According to reported publications, the effects of fiber assemblies on damping properties are investigated. Chandra et al. [29] have studied the effects of fiber cross-section and volume fraction on damping coefficients. The analysis results indicated that the longitudinal loss factor is determined by the shape of reinforced fibers. The synergistic effect of longitudinal and transverse loss factors also shows sensitivity to the shape of fibers. It has been observed that the damping can be improved at slight expense of composite stiffness by generating more number of interfaces. For instance, various methods reduce the fiber diameter without compromising the dimensions of the composite specimen and the volume fraction of the fiber [83]. Fiber orientation and stacking sequence affected damping behavior significantly. Extensive analysis regarding energy dissipation of unoriented fiber reinforced composites has been presented. As shown in Figure 4(i), these wrappings of PLA filament provide better protection for the fiber during further processing. The fiber array effect on modal damping behavior of fiber reinforced composite has been studied [84]. Various packing structures including square edge, square diagonal, and hexagonal configuration are compared. The results concluded that square diagonal packing has the best damping capacity in both free–free and clamped–free boundary conditions. Pothan et al. [85,86] have investigated the effects of fiber layering pattern, volume fraction, and weaving structure on mutual mismatch between fiber and matrix. The results indicated that layering pattern has a profound effect on the dynamic mechanical properties of the composite. The bilayer short randomly oriented bagasse/coir hybrid fiber reinforced epoxy composite has the maximum damping capacity among various layering patterns. It was found that the hemp fiber orientation (i.e. aligned or random) and off-axis angle influence the dynamical mechanical properties of the composites [82].

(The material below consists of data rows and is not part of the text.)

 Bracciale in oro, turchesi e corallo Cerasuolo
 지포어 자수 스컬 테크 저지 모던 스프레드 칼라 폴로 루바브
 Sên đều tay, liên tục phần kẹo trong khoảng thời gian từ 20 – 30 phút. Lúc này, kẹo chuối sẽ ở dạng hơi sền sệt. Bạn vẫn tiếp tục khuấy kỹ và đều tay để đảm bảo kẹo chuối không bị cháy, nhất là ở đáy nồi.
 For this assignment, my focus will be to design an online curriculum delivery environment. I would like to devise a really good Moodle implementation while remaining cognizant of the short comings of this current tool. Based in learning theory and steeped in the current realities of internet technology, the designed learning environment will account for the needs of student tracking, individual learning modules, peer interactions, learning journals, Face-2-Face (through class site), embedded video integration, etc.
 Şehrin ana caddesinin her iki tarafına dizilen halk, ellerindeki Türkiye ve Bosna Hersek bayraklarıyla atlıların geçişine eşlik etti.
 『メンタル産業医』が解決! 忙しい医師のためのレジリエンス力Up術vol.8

Recently, it has been reported that the damping properties of fiber reinforced composites increased with the twist and crimp amount of fiber [81,87]. For instance, the increasing twist and crimp is helpful to improve the vibration damping capability of twill 2/2 fabric reinforced composites. The relationship between fiber orientation and damping properties for sandwich specimen has been further investigated [88]. The highest flexural and storage modulus of quasi-isotropic laminate is observed at (0/±45/90)_s stacking sequence and opposite for damping ratio [89]. Kumar et al. [64] studied the effects of coconut sheath and sisal layers stacking sequence for damping behavior and mechanical properties. The results stated that silane-treated coconut sheath/sisal/coconut sheath hybrid stack is of optimum stacking sequence. Assarar et al. [90] evaluated the effects of fiber stacking sequences and hybridization on the damping properties of flax–carbon twill epoxy composites.

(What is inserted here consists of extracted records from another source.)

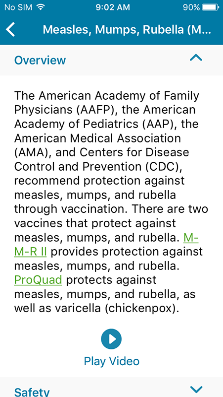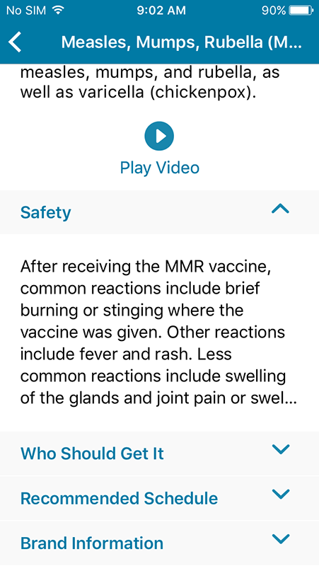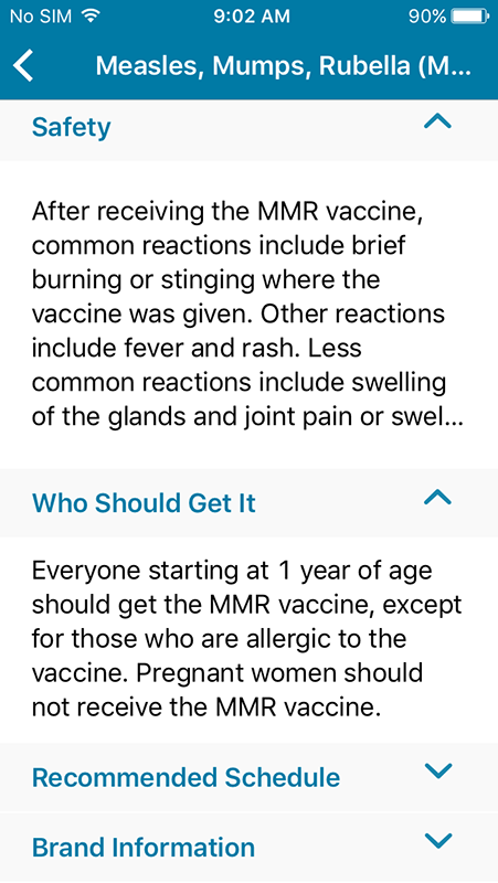 Tapping on vaccination would open a new page showing information about the vaccine, including overview, safety, who should receive it, recommended schedule, and brand information that also contains links to resources about the particular vaccine.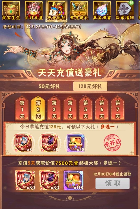 活动规则:活动期间每日单笔充值50/128元,就可以领取当日超值返利,累计充值5天还可以免费领取终极大奖!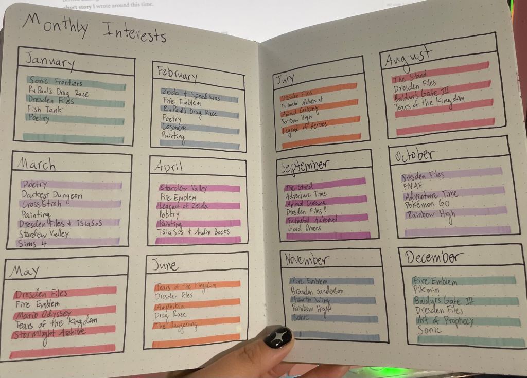 Another tracker I actually used fairly consistently was recording my monthly interests. Things that I was watching or reading or keeping up with consistently. That’s how I know I was obsessed with the Dresden files for six straight months in 2023, and how I can check when I was playing too much Stardew Valley.

This section has gathered the studies of fiber architecture on damping, including fiber length, fiber twist and crimp, fiber distribution direction, fiber stacking sequence, and reinforced fabric patterns. The damping of composites can be optimized by designing the architecture of fiber assemblies. It can be seen that both bending stiffness and damping properties of laminated composites were determined by the effects of stacking sequence. The investigation of fiber orientation and stacking sequence for damping behavior is helpful to the vibration control application of fiber reinforced composites. In summary, the effects of fiber architecture should also be considered and theoretically researched in the preparation of fiber reinforced composites with required damping.

Interfacial damping

Interfacial region is crucial for bonding conditions between fiber and matrix, which could be strong or weak due to its characteristics. Various properties of fiber reinforced composites could be obtained by varying the bonding conditions of interface. The studies of fiber surface modification for enhanced damping are listed in Table 1. It has been demonstrated that weak interfacial bonding tends to dissipate more energy than that with good interfacial bonding. As for fiber reinforced composites, debonding can increase the stick–slip friction under forced cyclic loadings, which gives rise to better damping properties. Thomas et al. [67] investigated the effect of chemical treatment of coir fiber on damping; the results indicated that the poorer the interfacial bonding, the better the damping capacity is. It has been found that the weak bonding between fibers and matrix could be attributed to the relative motion of fibers. The reduction in impact strength and damping ratio can improve fiber/matrix interfacial adhesion due to the alkali treatment of reinforced flax- and linen-fabric [91]. Images of alkali- and coupling agent-treated fibers are illustrated in Figure 5. It can be observed from Figure 5(a) to (f) that alkali treatment plays a notable role in the bonding of interfacial regions. To prepare high damping composites, both energy dissipating material and high shear strain are needed. Thus, it is effective to improve energy dissipation behavior by fiber surface treatment to strength interfacial damping effects. It was presented that the interfacial damping mechanisms in fiber reinforced composite are closely related to interfacial debonding and friction.

Figure 5.

(a) and (b) Doum fiber [92], (c) and (d) untreated and alkali-treated henequen fibers [93], (e) and (f) untreated flax and alkali-treated flax composites [91], (g) and (h) schematic illustration and SEM images [94]. RFL: resorcinol–formaldehyde–latex. Source: (a) and (b) Copyright 2013, Elsevier; (c) and (d) Copyright 2005, Elsevier; (e) and (f) Copyright 2012, SAGE Publications; (g) and (h) Copyright 2015, Wiley.

Table 1.

Fiber surface treatment for damping properties.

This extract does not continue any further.